He sounds abusive/nasty in a lot of ways.
As your DH, of course people can have kind of a slip of the tongue/get carried away, but he will know what both of you have had in your sex life in the past, and have an idea of what your boundaries are. You're his wife, it's not like he wouldn'tve known that isn't usually something on the menu.
I've done some BDSM including a brief supposedly 24/7 thing, and even with casual stuff which has just happened to include a bit of verbal abuse, there's always a bit of a lead-up, a testing the waters to see if it's something I'd be up for. I think ideally that is not something that's done without a brief discussion of whether someone likes it or not. I mean, just a sentence or two at least.

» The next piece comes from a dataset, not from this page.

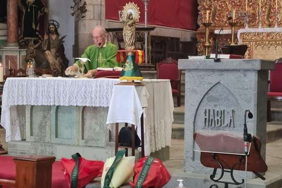 Por la tarde, a partir de las 18.00 horas, se celebró una misa oficiada por el párroco de la zona José María Cabrera, titular de San Juan Bautista, y a su finalización tuvo lugar la procesión religiosa por las calles de las imágenes de la patrona y de Cristo Crucificado con el acompañamiento de fieles, Banda Municipal y autoridades.
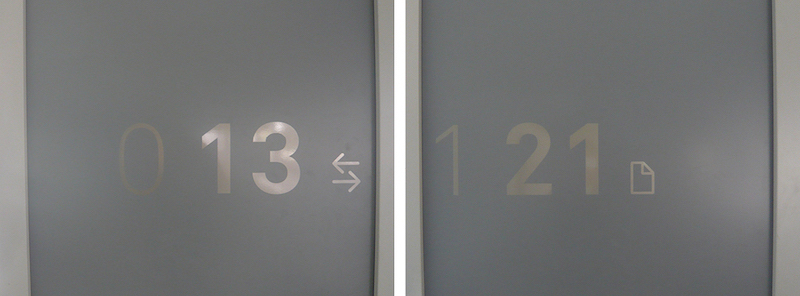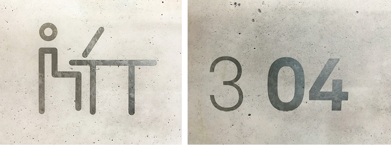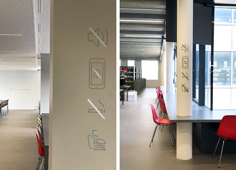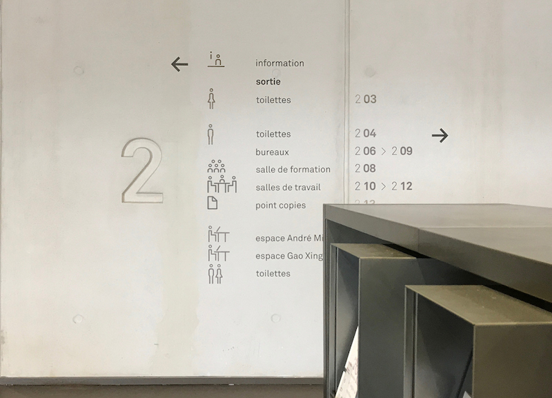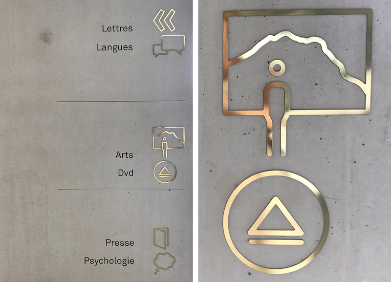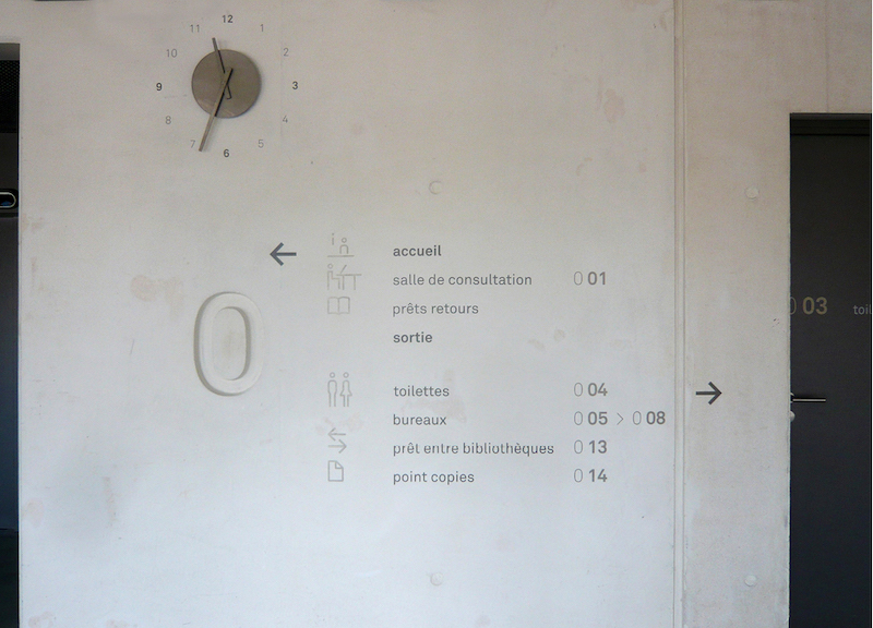 户外精神堡垒置于图书馆门前的梯式种植区域,与环境相融合。基于图书馆内部的装修风格,Béatrice Fichet采用灰色和银色作为配色,视觉上形成统一,icon使用金属标牌,信息大部分置于墙面和柱子上,灵活度较好,并针对图书馆设计了简约的时钟,打造了简约的空间。采用极细的悬挂式支架,从远处看信息就像是漂浮在空中,整套导视系统使用视觉差异大的标牌形式对信息进行划分,区分度较好。

Instead, he chose to spring an activity on you in sex which you had not consented to. It's not just a matter of a couple of words; it's verbal abuse and that is something that shouldn't happen without being discussed.
Maybee he enjoyed doing a thing he knew you wouldn't like, and definitely hadn't consented to, breaching your boundaries while you were in a vulnerable state.
His calling you emotionally abusive is a classic abusers' tactic.
As PP's have said, keeping his demands vague is perfect for him, as he maybe hopes to get you to run around doing everything of every kind that you think might please him.
The whole thing boils down to he doesn't have much respect for you.